Geeky. Dweeby. Nerdy. From unpacking videos to gushing pucks 'n' cones tomes, our hobby's crannies are filled with ridiculed rituals. While unkeen to pile on, proper sportsmanship insists that just to avoid the heckling hyenas, I not pad down genuine enthusiasm over what in broadspeak is just another footer. The Vibra 68 isn't. In fact it's rather other than recent spam for these Ultrafeet. Involving viscoelastic damping, they come in seven different variations to match load to spring rate. That's a rather fussier MO. Having worked my way through synthetic sapphire isolators (Kepler by Divine Acoustics), roller balls (Hifistay), viscoelastics + roller balls (Carbide) and wire suspension (Boenicke, Wellfloat), for me the Vibra 68 is the next level. It's still wire suspension. That already occupied the top of my silent mountain. But it's far more compact than the SwingBase, far more within reach than a $1'060/ea. Delta Extreme from Japan (though Wellfloat's lower profile could be preferable under speakers to not throw off a tweeter/ear alignment). All of it makes the Vibra 68 the flag atop my peak; and a Swiss one at that. It's no secret that aside from chocolate, cheese and banking, Suisse is great also at upscale audio like CH Precision, darTZeel, Nagra or Soulution. It's not known for earthquakes unlike Japan where high-rise buildings may incorporate pendulum dampers. Just so, from outside Gstaad now comes a demonstrably effective miniaturized pendulum isolator which might just rule them all. As geeky as it seems to go all gooey over footers, this really does deserve an award. It's for the fundamental difference it can make to a truly full-range high-resolution system whilst looking anything but geeky. In fact it looks like—so can be mistaken for—just another common mostly decorative footer. Its mega difference maker hides smartly inside to take up surprisingly little space.

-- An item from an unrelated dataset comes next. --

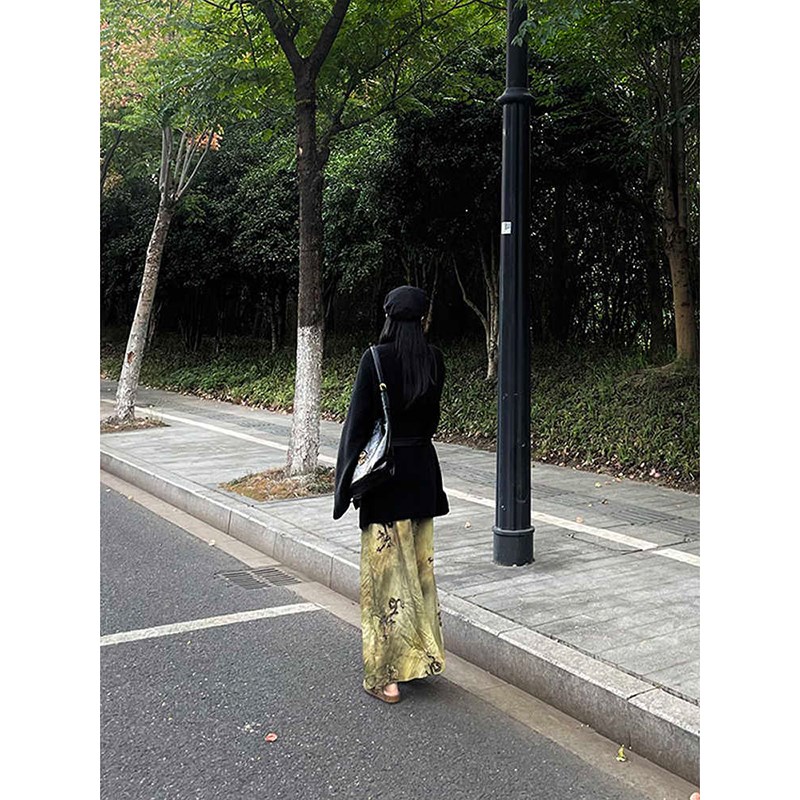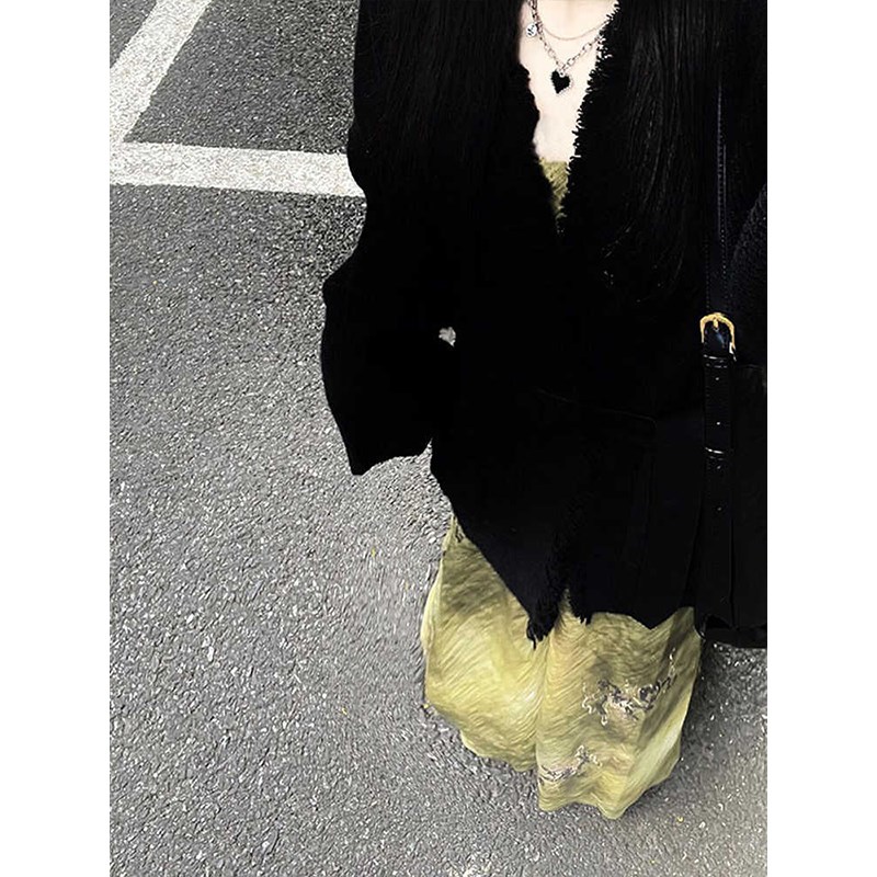 大码胖MM慵懒风穿搭一整套女2025春秋季宽松黑色毛衣外套半裙套装
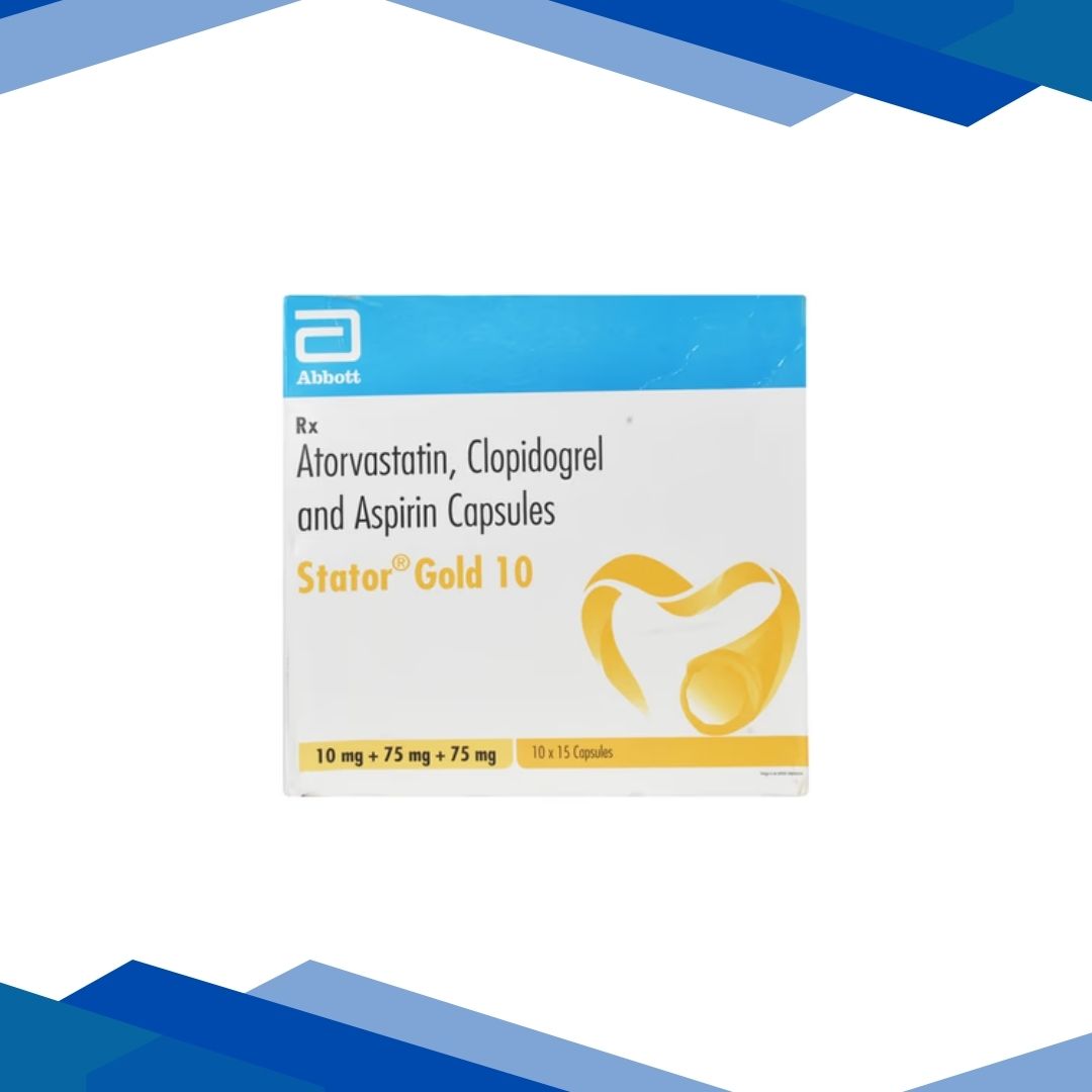 Stator Gold Capsule is a combination medicine used in the prevention of heart attack. It works by preventing clot formation in the blood vessels. It also helps to reduce increased cholesterol and triglyceride levels and promote cardiac health. For more details kindly click on Medicine Salts below:

Resonance control is certainly not the first job one tackles on the virtual construction site of building a fine hifi. But once the actual sound makers of source, amplification and transducers with their loom and proper power delivery are in place, the smart money invests in essential resonance attenuation. As by far the gravest mechanical exciters, speakers and subs come first, then a resonance-critical turntable if in play; and without hesitation tube gear particularly with highly microphonic direct-heated power triodes à la 45, 50, 2A3 and 300B. Subsequently even a budget bamboo rack is seriously upgraded by terminating it in properly engineered floor isolators like today's. Yet with transducers correctly decoupled, that may not even be necessary. Once our mechanical base is silent, we experience our sound makers at their best. Even if down the line we upgrade them, those upgrades still benefit to make the biggest leap they possibly can. Or, we may not hear any need to upgrade. That's because properly isolated affordable gear gets to shine well past its presumed station. And that could well be all we'd ever want.
It's a trick execution like the Vibra 68 which helps make it so; no break-in required. The difference is instantaneous. So could be the head scratching.
Martin Gateley adds: "For completion's sake and to satisfy my aesthetic ego, here are photos of the walnut version. Maple too is available. Dimensions are 80mm Ø, 45mm high. MSRP is CHF340/ea."